I could record victories of men great and defeats of the lesser folk. I could tell the world to come of laws and legends of the ruins and the freshly painted edifices of today. The wakings and sleepings of men and their stories could propel me to my own awakening in the world of struggles. And if great men and vanquished folk run out, I could create my own tales of heroism.

One word, a clause, a sentence, a paragraph. “Why does it not read like the work of a master?” you ask yourself next. “I cannot do this,” you tell yourself the second moment. “I’d leave the geese in their flying.”
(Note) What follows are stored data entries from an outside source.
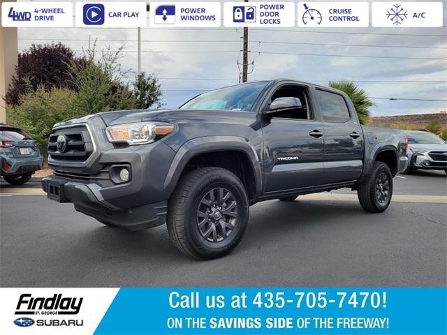 Welcome to Findlay Subaru in St George on the Savings Side of the Freeway. Please contact us at the phone number listed above for any questions that you might have and to check the availability of this vehicle. This Toyota Tacoma is equipped with the following options:4WD, 6 Speakers, ABS brakes, Air Conditioning, Alloy wheels, AM/FM radio: SiriusXM, Anti-whiplash front head restraints, Apple CarPlay/Android Auto, Auto High-beam Headlights, Auto-dimming Rear-View mirror, Automatic temperature control, Axle Ratio: 3.91, Black Headlamp Bezel, Body Color Overfenders, Brake assist, Bumpers: body-color, Charcoal Grille w/Chrome Surround, Color-Keyed Overfenders, Daytime Running Lamps, Driver door bin, Dual front impact airbags, Dual front side impact airbags, Electronic Stability Control, Emergency communication system: Safety Connect (1-year trial), Exterior Parking Camera Rear, Fabric Seat Trim, Front anti-roll bar, Front Bucket Seats, Front Center Armrest, Front Door Smart Key System w/Push Button Start, Front dual zone A/C, Front Fog & Driving Lamp, Front fog lights, Front reading lights, Front Seats, Front wheel independent suspension, Heated door mirrors, Illuminated entry, Knee airbag, Low tire pressure warning, Occupant sensing airbag, Outside temperature display, Overhead airbag, Overhead console, Panic alarm, Passenger door bin, Power door mirrors, Power driver seat, Power Sliding Rear Window w/Privacy Glass, Power steering, Power windows, Radio: Audio, Rear step bumper, Remote keyless entry, Speed control, Speed-sensing steering, Split folding rear seat, Steering wheel mounted audio controls, Tachometer, Telescoping steering wheel, Tilt steering wheel, Traction control, Trip computer, Variably intermittent wipers, and Wheels: 16"" Dark Gray Alloy.
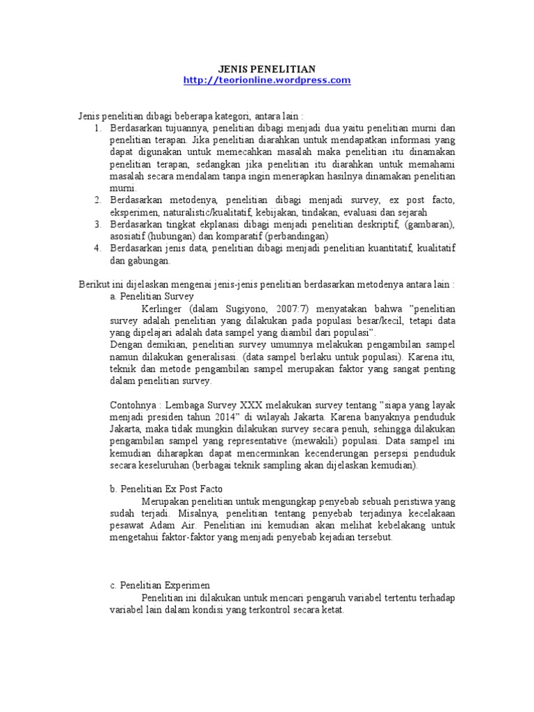 Jenis Jenis Penelitian Beserta Contohnya Isplbwiki Net
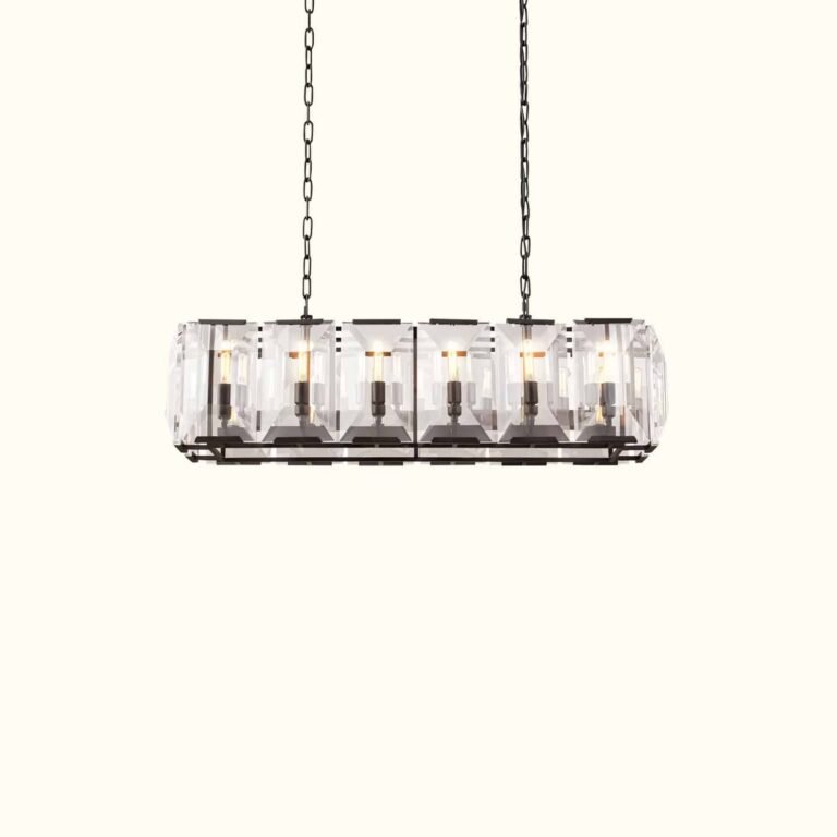 Our lighting fixtures are inspired by 1970s German chandeliers, evoking the boldness and glamour of that era. The cut crystal
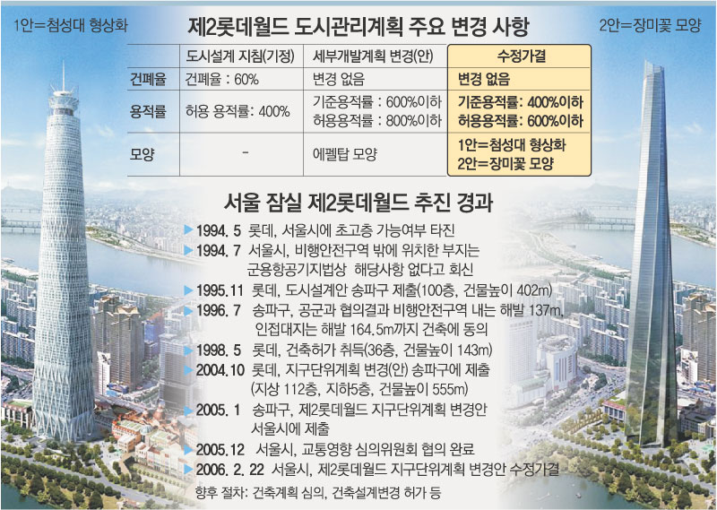 서울시는 22일 제4차 도시건축공동위원회 심의에서 제2롯데월드 특별계획구역 세부개발계획변경(안)을 수정 가결했다고 밝혔다. 도시건축공동위원회는 이날 회의에서 롯데가 제2롯데월드의 에펠탑 모양 대신 제시한 첨성대(국보 31호)와 장미꽃 모양의 2개의 조감도 모두 건축이 가능하다며 통과시켰다.
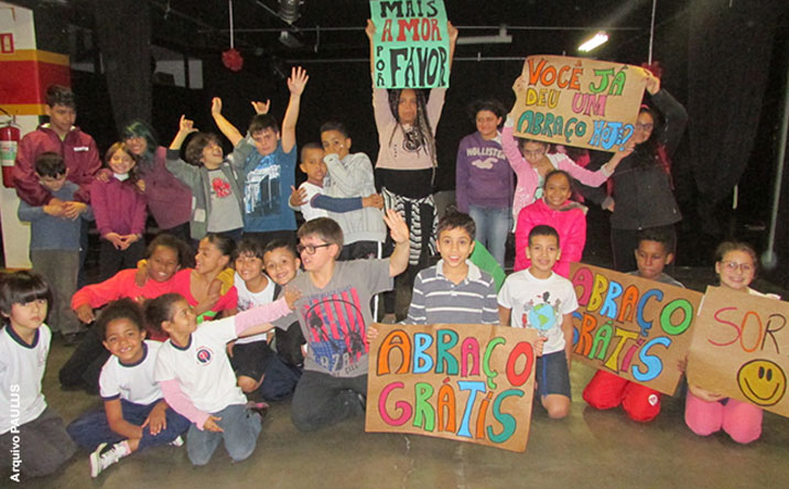No dia 25 de maio o Serviço de Convivência e Fortalecimento de Vínculos CCA CJ PAULUS realizou, pela segunda vez, o movimento “Abraço Grátis”, contando com a participação de nove dos seus adolescentes atendidos. O percurso realizado foi: saída da Rua Dias Velho em direção à Praça Santa Marcela localizada na Avenida Itaberaba, 1853.

Another dream quashed before its infancy. Abortion. Murder. But who carries the guilt? Who is the culprit? “A dream can only be killed by the dreamer,” a master scribe once said. Heavy chests accompany guilt. But what could you do? Whine? A whine is a whine—it does not accomplish anything. Even whining about whining itself.

There are new dreams to make. And more to kill. But the heart is weary of chugging them out only to be rent by the uncertain mind. The stomach cries out for food to fill itself. And the soul is disillusioned for belonging to a fickle man. A fickle man creating a field of one-brick palaces, a sea of ruins. Learn from the resilience and the determination of a dog, why don’t you.

And so you take the path yet again for a dogged trudge. Doggedness. Trudging. Then again, quo vadis, seeker?